Around the same time as his Yale-Harvard philanthropy, Harkness sought to reform the pedagogical techniques of the country's elite boarding schools. At Phillips Exeter Academy, he sought to innovate beyond rote learning by introducing the Harkness table method of instruction. Through further gifts, the method spread to St. Paul’s, The Lawrenceville School, and Kingswood-Oxford School.[15] Harkness also made gifts to Taft School, The Hill School and Phillips Academy.[16]

He established the Harkness Fellowships and founded the Pilgrim Trust in the UK in 1930 with an endowment of just over two million pounds, "prompted by his admiration for what Great Britain had done in the 1914–18 war and, by his ties of affection for the land from which he drew his descent."[17] The current priorities of the trust are preservation, places of worship, and social welfare.

Residences

Harkness Eolia Mansion in Waterford, Connecticut

Edward and Mary Harkness had a number of homes in addition to Harkness House in New York. They spent summers at their Eolia mansion on Long Island Sound in Waterford, Connecticut, near where Mary had visited her grandparents in the summers. The home and 230 acres (93 ha) of ornamental gardens and grounds are now maintained by the State of Connecticut as Harkness Memorial State Park.

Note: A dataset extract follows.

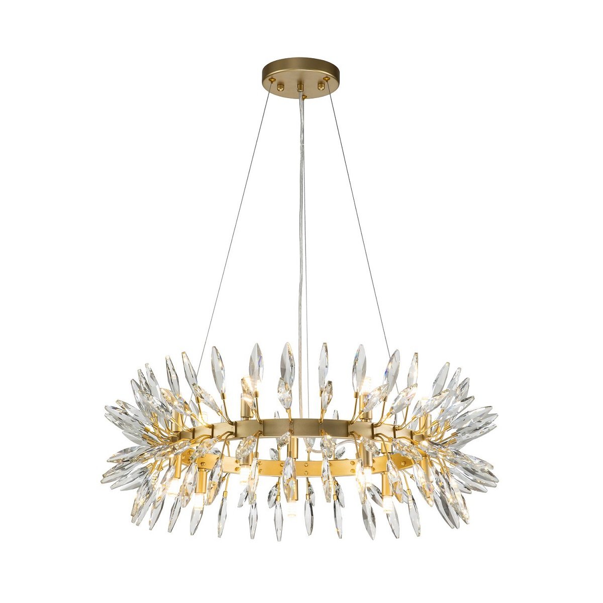 Роскошная модель 4058-14P от немецкой компании Favourite относится к коллекции Rays и отлично подойдет для установки на потолок спальни, оформленной в стиле модерн. Подвесная люстра Favourite Rays 4058-14P с плафонами в форме цветов осветит помещение площадью 23.3 кв. м. Производитель Favourite рекомендует использовать для устройства галогеновые лампы с цоколем G9 и мощностью 25 W. Прибор произведен с использованием материалов: металл и хрусталь и может использоваться для натяжного потолка. Основным цветом товара является Золотой и Прозрачный. Подвесная люстра 4058-14P продается по цене 52900 руб. Торопитесь сделать заказ в интернет-магазине Top Otdelka.
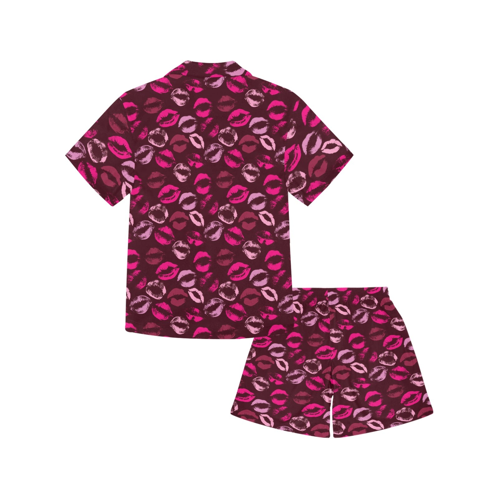 Lips Pattern Print Design 03 Kids' Boys' Girls' V-Neck Short Pajama Set

They also owned another house on Long Island in Manhasset, New York, on 186 acres called Weekend, designed by architect James Gamble Rogers, plus houses in North Carolina and California, and a camp in the Adirondacks. They also spent time at the Jekyll Island Club in Georgia and Yeamans Hall outside of Charleston, SC - another James Gamble Rogers golf and winter community.

Burial

He is buried in Woodlawn Cemetery in the Bronx, New York City, [18]which is today a National Historic Landmark. The Harkness family mausoleum is stately and includes a privately walled and locked garden. The mausoleum does not have any name at all on it noting who is buried inside. The architecture of the mausoleum evokes that of a small medieval church. [19]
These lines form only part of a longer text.